Kategoria: Spotkania

Sprawozdania z odbytych spotkań Warszawskiego Towarzystwa Genealogicznego. Na przykład: wygłoszonych referatów, spacerów z przewodnikiem, wykładów online

  • Genealogia genetyczna w praktyce

    Genealogia genetyczna w praktyce

    Spotkanie odbyło się 29.02.2016.

    Prelegent: dr Łukasz Lubicz Łapiński, historyk i genealog

    Pełny tytuł: „Genealogia genetyczna w praktyce. Wykorzystanie badań DNA do analiz pokrewieństwa na przykładzie rodzin pogranicza mazowiecko-podlaskiego”

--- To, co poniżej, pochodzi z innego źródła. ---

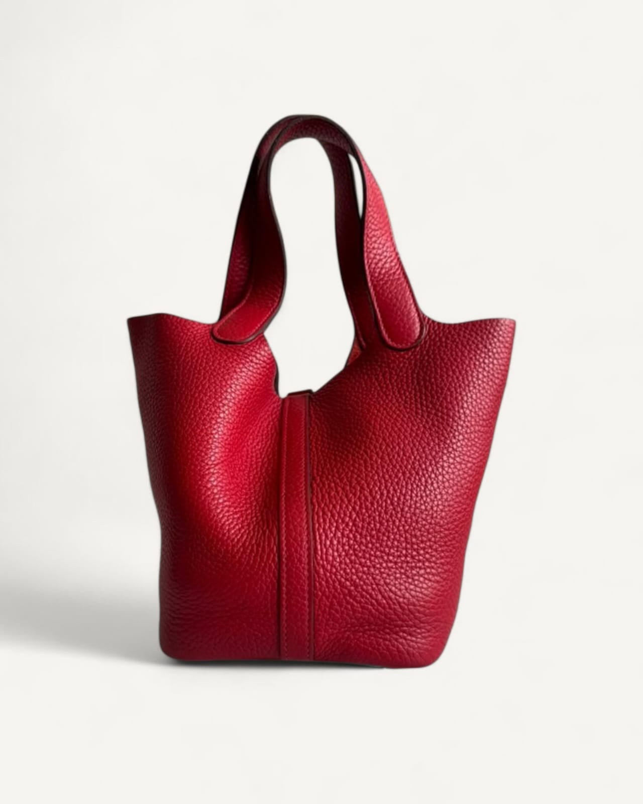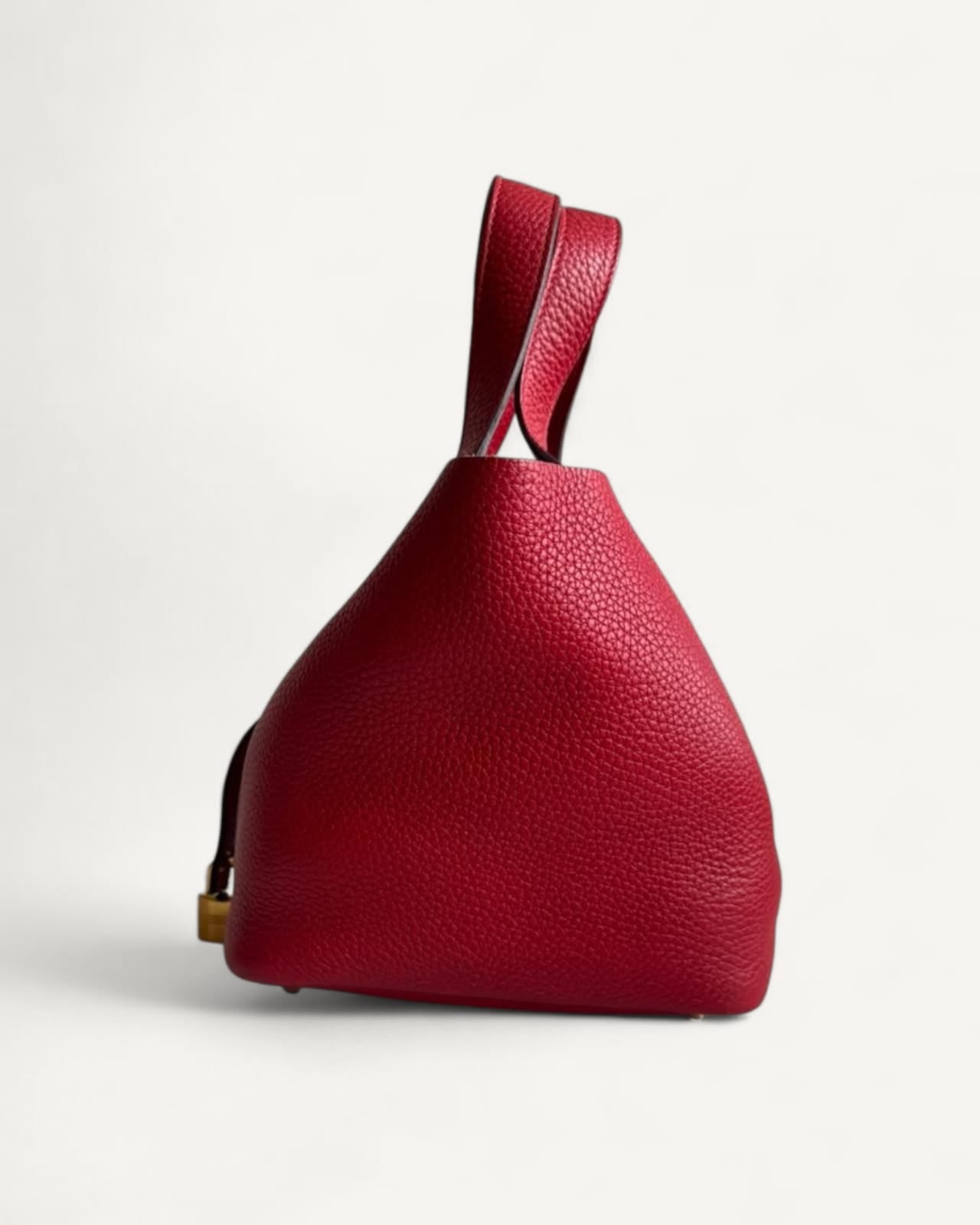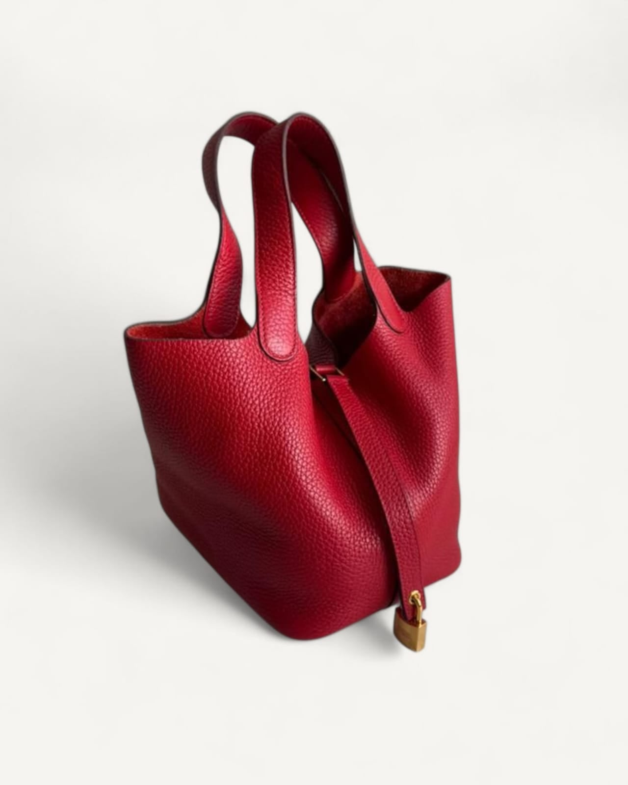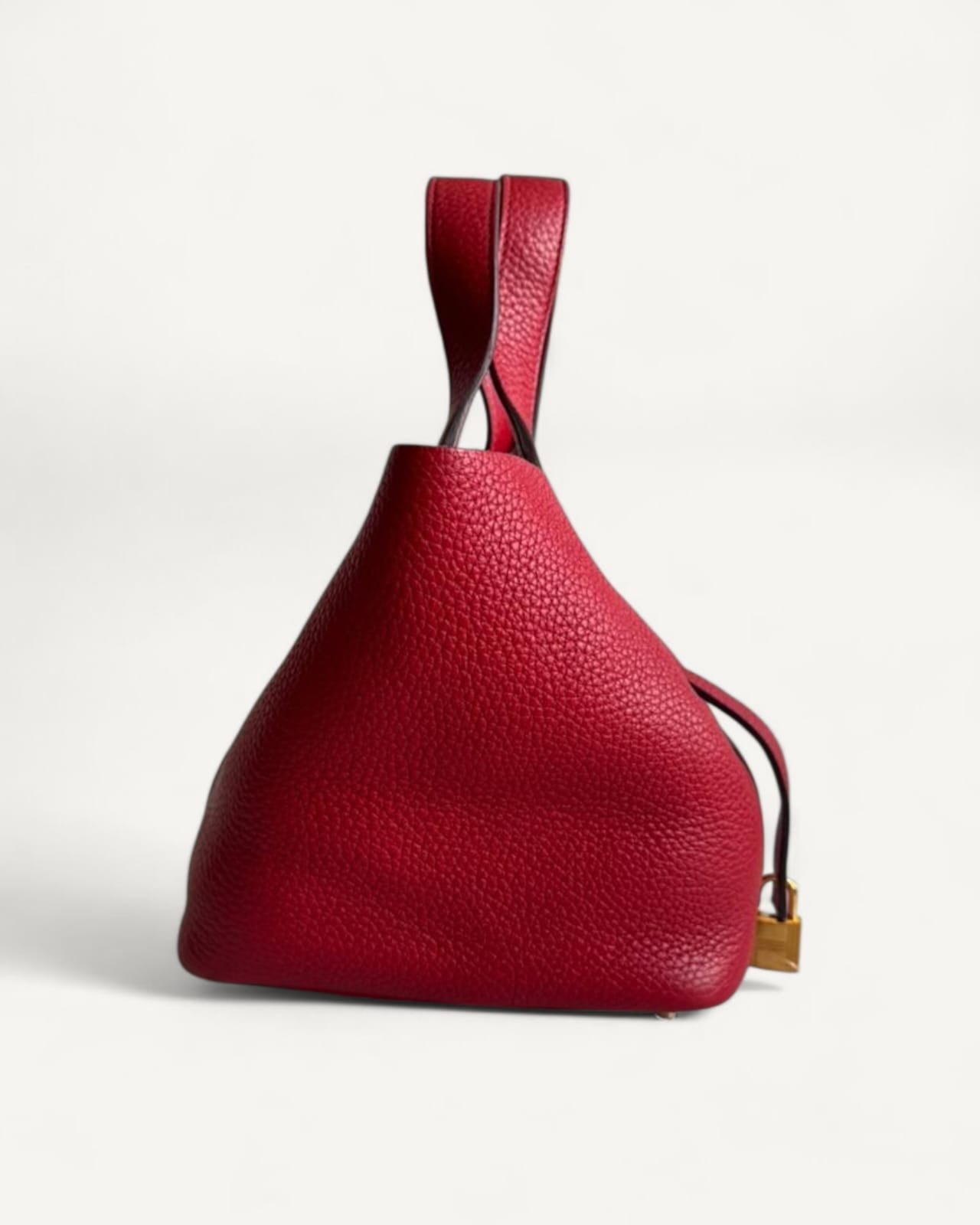Bolsa Hermès Picotin 18 Clemence Rouge Moyen com Ferragens Gold

    Brawurowo poprowadzony wykład dr Łukasza Lubicz Łapińskiego był kolejnym wykładem z serii poświęconej genealogii genetycznej – poprzednio o badaniach genetycznych mówił Łukasz Maurycy Stanaszek. Dr Łapiński najpierw w przystępny sposób wprowadzał słuchaczy w dalsze tajniki badań genetycznych, takich jak rodzaje testów (Y-DNA – DNA chromosomu Y, mtDNA – DNA mitochondrialny, atDNA – DNA autosomalny) prowadzone przez różne organizacje komercyjne (np. Family Tree DNA, AncestryDNA).
    Następnie przedstawił praktyczne wykorzystanie badań genetycznych w poszukiwaniach genealogicznych. W tej części bardzo szczegółowo został zaprezentowany przypadek rodziny Łapińskich z Łap. Projekt ten stanowi kontynuacje badań genealogicznych prowadzonych metodami klasycznymi. Od 2008 roku dzięki genealogii genetycznej genetycznym udało się zbadać jeszcze szerszą populację rodu Łapińskich i powiązać ze sobą w konkretne rodziny. W tej części wykładu autor skupiał się na badaniach Y-DNA – czyli badaniu chromosomu Y, dziedziczonego w męskiej linii rodu.
    Na zakończenie dr Łapiński pokazał wstępne wnioski badań genetycznych nad szerszą populacją oraz . Po wykładzie nastąpiła długa dyskusja, która podobno była jeszcze kontynuowana do późnych godzin nocnych poza salą wykładową.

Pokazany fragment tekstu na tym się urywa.